Потом ненадолго ушел. Вернувшись, он больше не покидал меня. Он расположился в моем кресле и читал, зная, что я не сплю.

— Может, вызвать врача, чтобы он сделал вам укол? — тихо спросил Карлсон один раз.

Я не хотел никаких уколов. Весь день я пролежал с закрытыми глазами. К вечеру я пришел в себя. Он все еще сидел здесь, у меня за спиной, в моем любимом кресле. И читал Букера Вашингтона[3].

Я спросил, сколько ему лет. Оказалось, сорок пять.

Трудно объяснить, как все получилось. Я сказал, что моя жизнь сложилась так неудачно, что ее следовало бы исправить. Какой мне смысл жить после всего, что случилось, — ведь Сусанна умерла.

Карлсон отложил Букера Вашингтона и заговорил об Андах.

Он заставил меня прислушаться к своим словам. У меня перед глазами возникла нарисованная им картина. Я увидел леса и горы, но совсем не такие, к каким привык с детства. Увидел синее небо над необъятными синими лесами.

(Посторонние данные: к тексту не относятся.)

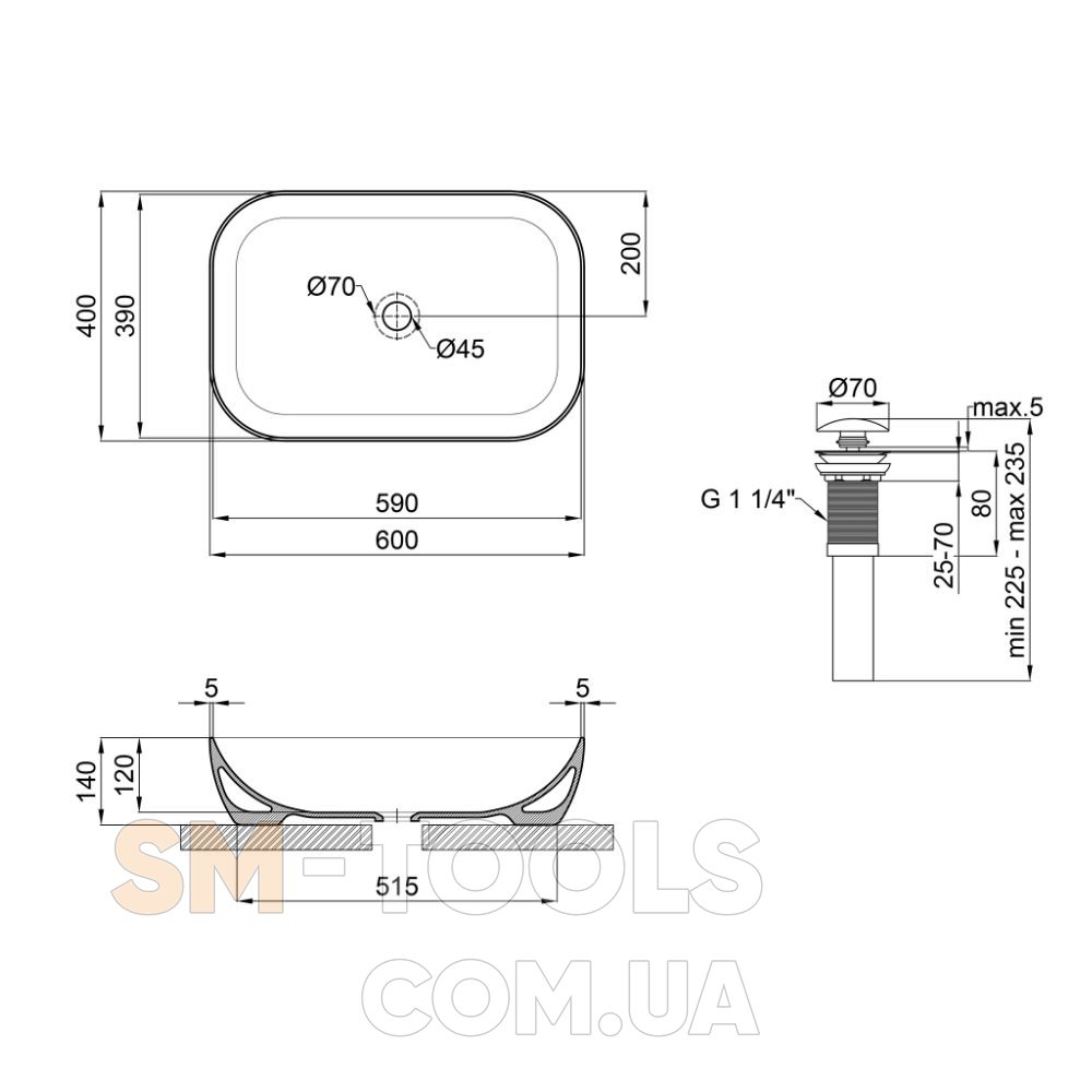 Габаритные размеры изделия (ШхГхВ), мм: 600х400х140 – раковина; 70х70х225 - донный клапан
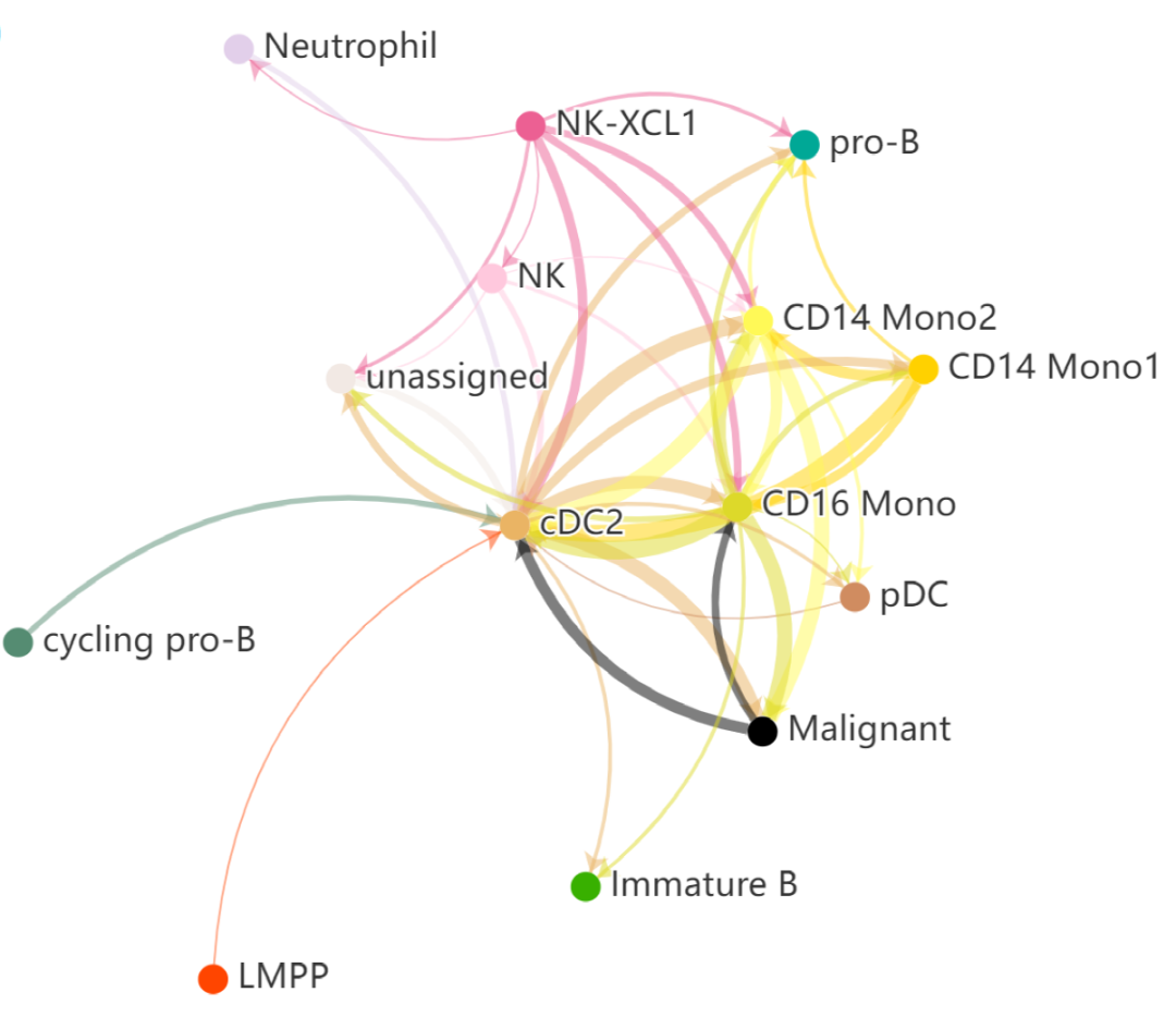 对于“LR配对强度”,用户可通过切换分析类型,探索选定细胞类型与其他细胞类型之间LR相互作用配对的强度。这些相互作用配对的方向是从配体指向受体,强度图按方向分为两类。
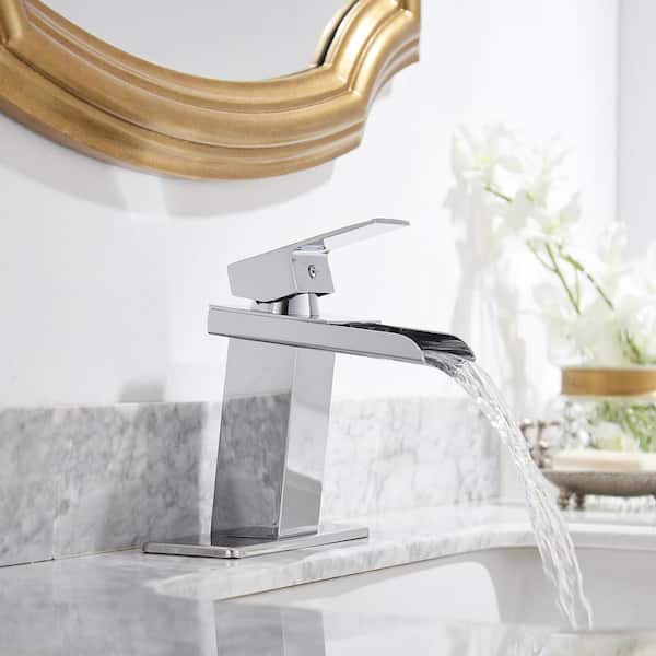 Single Handle Single Hole Bathroom Faucet Waterfall with Deck Plate Pop Up Drain in Chrome
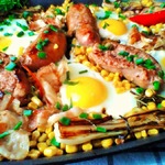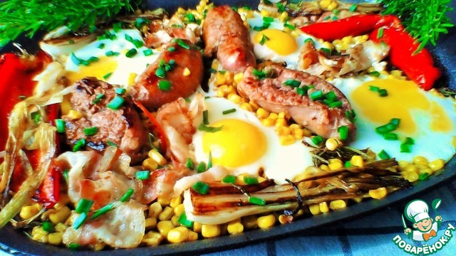 Чудесный рецепт яичницы, которую мы приготовили! Свежие деревенские яйца, зеленый лук с огорода, колбаски и бекон станут основой вкусного блюда. Острый перец и кукуруза отличное дополнение к нашему блюду. Не забудьте о них!
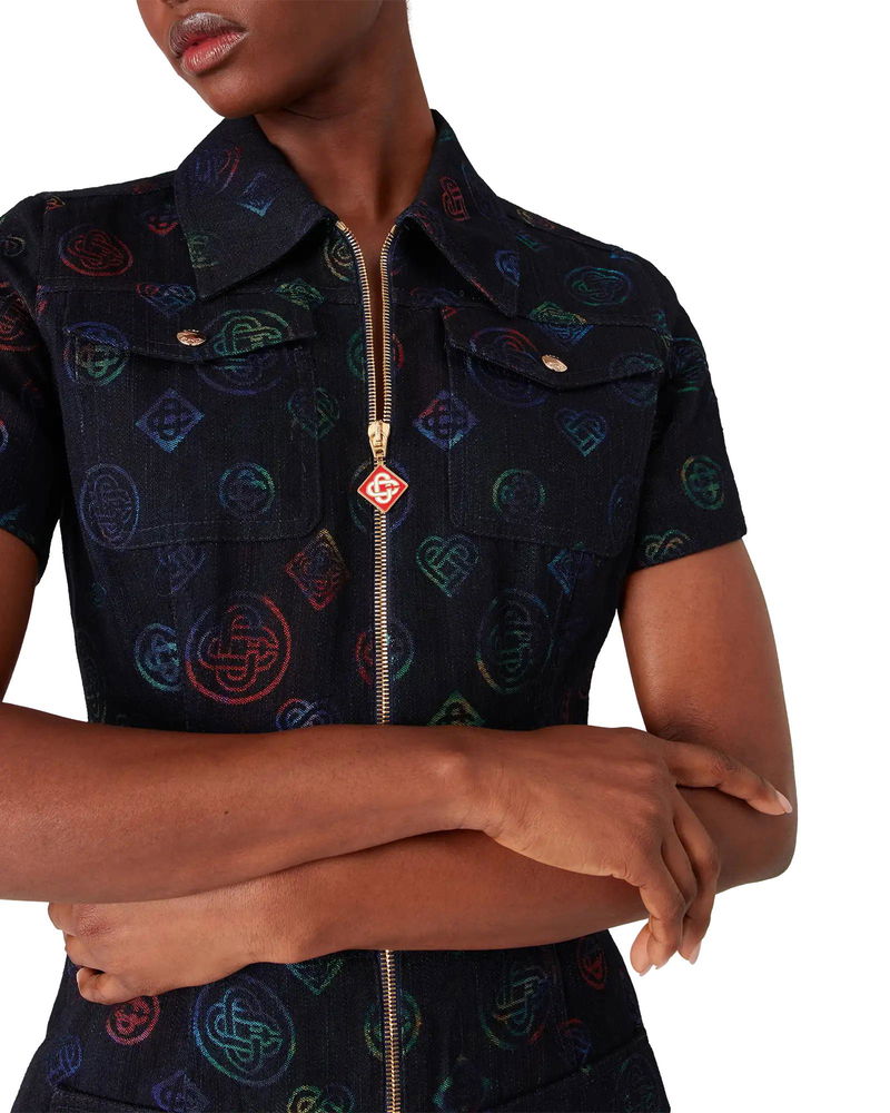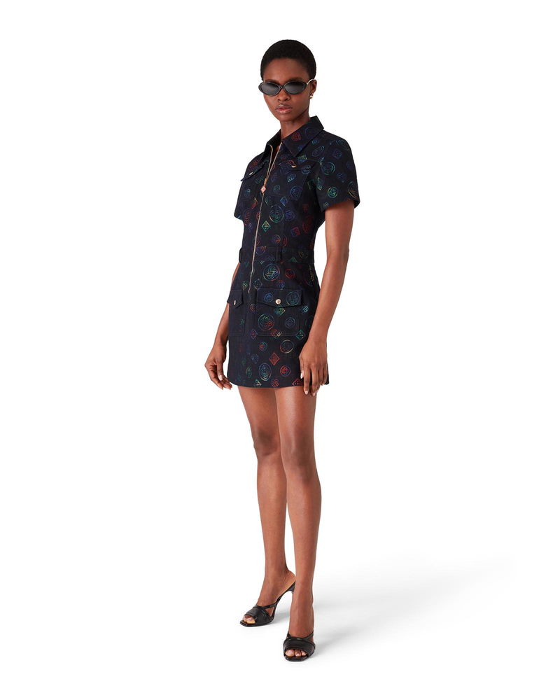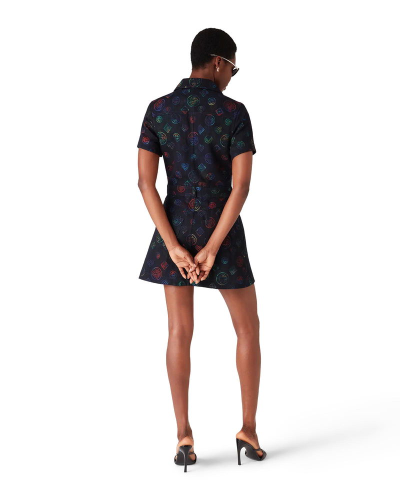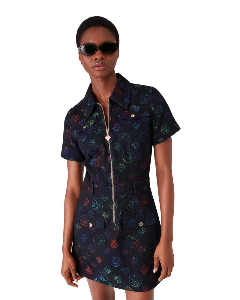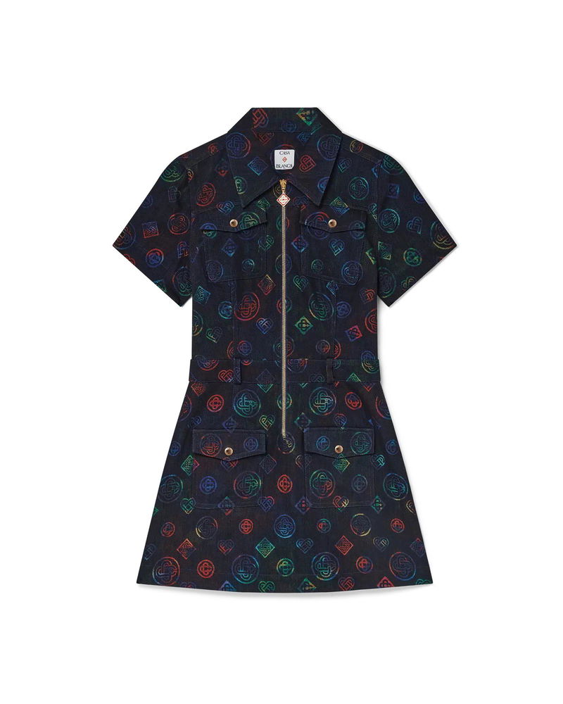 The Heatmap Monogram denim dress is a short-sleeve A-line mini-style dress, crafted from cotton denim fabric featuring the season's distinctive heatmap artwork.

Карлсон охотился там на горных львов. Мы решили поехать туда.

— А мне кажется, что ваша жизнь сложилась совсем неплохо, — сказал Карлсон. — Вам пятьдесят пять, и вы еще в полной силе. Вы затеяли большое дело и поработали на совесть. Но у вас было время и пожить в свое удовольствие. Теперь этот этап вашей жизни завершился. Но разве это конец? Вам пятьдесят пять. У вас в запасе еще пятнадцать — двадцать лет, чтобы все продумать. Пятнадцать — двадцать лет на длительные путешествия, на то, чтобы объездить весь мир. Я так и вижу, как через три года вы сходите с парохода в Мельбурне, потому что вам захотелось увидеть Австралию. Вижу, как вы плывете в лодке по Гангу.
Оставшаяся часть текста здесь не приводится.